Last month Vaping Post shared a leaked internal document from the European Commission, obtained by Snusjournalen, which unveiled a controversial proposal to raise taxes on nicotine pouches and other nicotine products by 30% across the EU. Led by the Directorate-General for Taxation and Customs Union (DG TAXUD), the proposal has sparked concern over potential far-reaching economic, political, and criminal fallout throughout the region, and is drawing fierce criticism from consumer advocates and harm reduction groups.
In line with this, tobacco harm reduction experts have consistently argued that taxing safer alternatives like vapes more heavily is likely to deter smokers from switching, particularly among those with fewer financial resources. Instead, these products should be taxed at lower rates to support harm reduction efforts. Critics of the EU plan are calling on the EC to reconsider before moving forward, warning that the proposed measures could backfire both socially and politically.
Supporting this stance, a new publication from the Global State of Tobacco Harm Reduction (GSTHR) calls on policymakers to rethink how nicotine products are taxed, urging a shift toward a health-driven strategy. The report recommends that traditional cigarettes remain significantly more expensive than safer alternatives like e-cigarettes and heated tobacco products, in order to guide smokers toward less harmful options.
While taxation has long been an effective way to reduce smoking, the paper warns that proposals such as the afore mentioned, aiming to tax safer nicotine products (SNPs) at the same level as cigarettes could backfire. Instead of supporting people trying to quit smoking, such policies could make healthier alternatives unaffordable, potentially pushing users back to traditional tobacco use.
Written by economist Giorgi Mzhavanadze and published by UK-based public health group Knowledge·Action·Change, the GSTHR report reviews global trends and proposes a more nuanced tax framework. It focuses mainly on vaping products and heated tobacco due to the availability of robust data but also notes the implications for other forms like nicotine pouches and snus.
Punishing progress?
By 2023, more than 50 countries and over 30 U.S. jurisdictions had introduced excise taxes on vapes, and 66 countries had implemented taxes on heated tobacco products. However, there’s a wide variation in how these taxes are applied. For instance, Belarus applies an 88% excise burden on vapes, while Kenya’s is just 3%. Some European nations, such as the UK and Ireland, had no excise tax on vaping as of 2023—but this is beginning to change.
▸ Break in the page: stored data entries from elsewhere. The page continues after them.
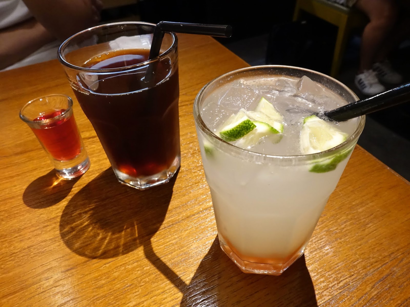 單點的兩杯飲料,老舖紅茶和蜜桃檸檬口味的蘇打飲料,老舖紅茶喝起來很像小時候喝到的決明子紅茶,另一杯帶著氣泡的蘇打飲料很解辣,我覺得吃川菜就是要點杯氣泡飲料來配才過癮!
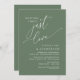 Anuncie e compartilhe seu felizes para sempre com estilo com o nosso design de tema verde de sabedoria florestal moderno (Nothing Fancy Just Love) cartão de convite de casamento para cerimônia íntima. É ideal para casais que decidiram celebrar o seu melhor dia. Com um design sofisticado e ainda assim divertido, este convite certamente estabelecerá o tom para um evento inesquecível. O cartão de convite apresenta um tema de design de letra moderna e minimalista, adicionando um toque de elegância atemporal à sua celebração. Criado por TeeshaDerrick
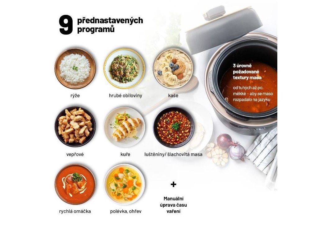 Přístroj disponuje 9 přednastavenými programy - rýže, hrubé obiloviny, porridge, vepřové, kuře, luštěniny/ šlachovitá masa, rychlá omáčka, polévka, ohřev.

Despite these taxes often being lower than those on cigarettes, the price gap between the two product types isn’t always as significant as expected. This is largely due to how companies set prices—often pocketing the tax savings rather than passing them on to consumers. As a result, the intended incentive to switch is diluted.
The GSTHR paper argues that if governments truly want to reduce smoking rates, they should go beyond simply taxing cigarettes. A smarter approach could include subsidizing SNPs to make them more affordable for smokers, especially in low-income populations. Over time, this could lead to major public health gains and even reduce healthcare spending—offsetting potential short-term losses in tobacco tax revenue.
The EU’s tax plan risks health setbacks
In light of mounting evidence and expert warnings, the European Commission’s proposed tax hike on safer nicotine products risks undermining vital public health objectives. Rather than encouraging smokers to transition away from harmful combustible tobacco, equal or excessive taxation on alternatives like nicotine pouches could drive users back to cigarettes or into unregulated black markets. Policymakers are being urged to adopt a more evidence-based, health-focused approach—one that prioritizes harm reduction, addresses socioeconomic disparities, and genuinely supports smoking cessation. Failing to do so may not only jeopardize public health progress, but also erode public trust in EU institutions already under scrutiny.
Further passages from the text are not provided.